I guess I didn’t plan this very well! Instead of completing one series I ended one and am right in the middle of another. Well, I’d really like to continue this series, but seeing as how finals are coming up I probably won’t be able to maintain the one-a-day pace. So I’ll just stop tagging MaBloWriMo.

Let’s summarize the story so far. $R$ is a commutative ring, and $X = \text{MaxSpec } R$ is the set of maximal ideals of $R$ endowed with the Zariski topology, where the sets $V(f) = \{ x \in X | f \in m_x \}$ are a basis for the closed sets. Sometimes we will refer to the closed sets as varieties, although this is mildly misleading. Here $x$ denotes an element of $X$, while $m_x$ denotes the corresponding ideal as a subset of $R$; the difference is more obvious when we’re working with polynomial rings, but it’s good to observe it in general.

We think of elements of $R$ as functions on $X$ as follows: the “value” of $f$ at $x$ is just the image of $f$ in the residue field $R/m_x$, and we say that $f$ vanishes at $x$ if this image is zero, i.e. if $f \in m_x$. (As we have seen, in nice cases the residue fields are all the same.)

For any subset $J \subseteq R$ the set $V(J) = \{ m | J \subseteq m \}$ is an intersection of closed sets and is therefore itself closed, and it is called the variety defined by $J$ (although note that we can suppose WLOG that $J$ is an ideal). In the other direction, for any subset $V \subseteq X$ the set $I(V) = \{ f | \forall x \in V, f \in m_x \}$ is the ideal of “functions vanishing on $V$” (again, note that we can suppose WLOG that $V$ is closed).

A natural question presents itself.

Question: What is $I(V(-))$? What is $V(I(-))$?

In other words, how close are $I, V$ to being inverses?

Basic properties

$I, V$ have the following elementary properties for any subsets $X_1, X_2$ of $X$ and subsets $J_1, J_2$ of $R$:

1. $V(J_1) \supseteq X_1 \Leftrightarrow J_1 \subseteq I(X_1)$
2. $V(I(X_1) \supseteq X_1$
3. $I(V(J_1) \supseteq J_1$
4. $V(J_1 \cup J_2) = V(J_1) \cap V(J_2)$
5. $I(X_1 \cup X_2) = I(X_1) \cap I(X_2)$
6. $V(J_1 \cap J_2) \supseteq V(J_1) \cup V(J_2)$
7. $I(X_1 \cap X_2) \supseteq I(X_1) \cup I(X_2)$.

Note that since the image of $I$ is always an ideal, it’s usually assumed that $J_1, J_2$ are ideals, in which case one should replace the union by the sum.

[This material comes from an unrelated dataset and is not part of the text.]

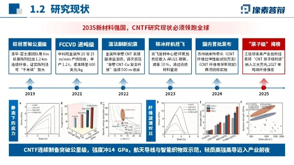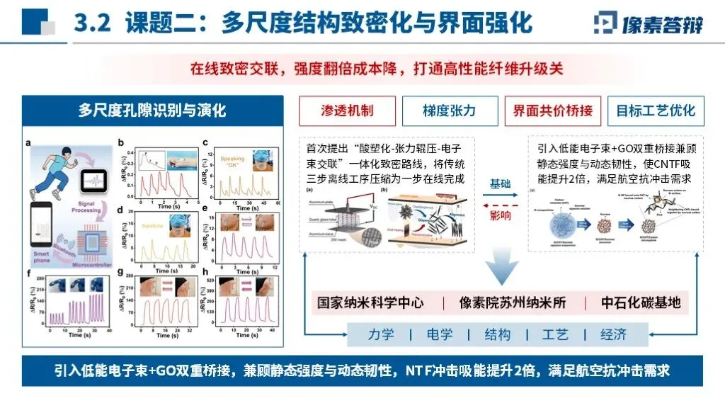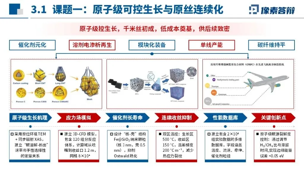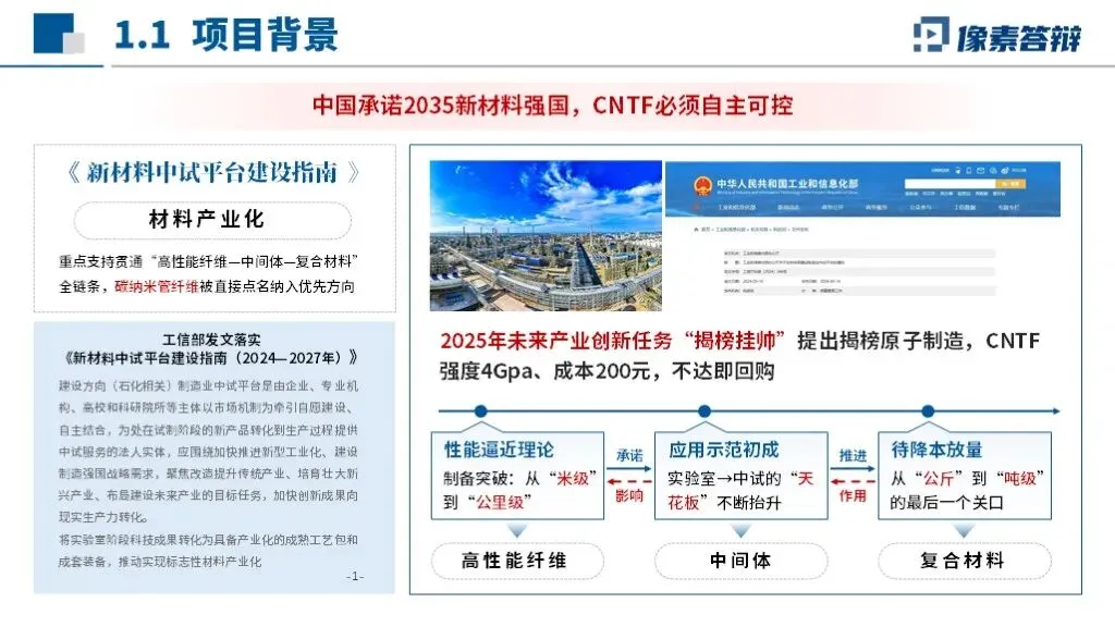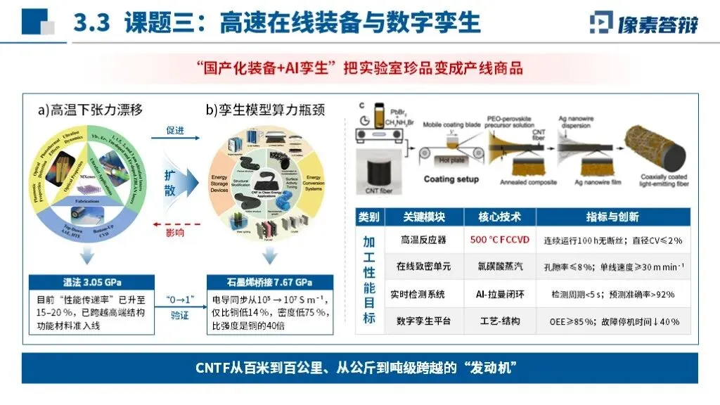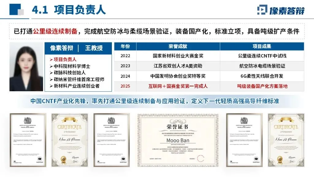 PPT采用“国家需求-技术瓶颈-产业链条-成果落地”闭环框架,以碳纳米管纤维自主可控为核心,贯穿材料制备、装备开发、应用验证全链条,凸显从实验室研究到产业化的系统性布局。

The first property, unpacked, says that every element of $J_1$ vanishes on $X_1$ if and only if every point in $X_1$ is sent to zero by $J_1$, and can be restated abstractly as saying that $I, V$ form an antitone Galois connection between the lattice of subsets of $R$ and the lattice of subsets of $X$. As we observed, this means equivalently that they are adjoint functors between the corresponding categories. $I, V$ restrict to a Galois connection between the smaller lattices of ideals and closed subsets, and even between the lattices of prime ideals and irreducible closed subsets.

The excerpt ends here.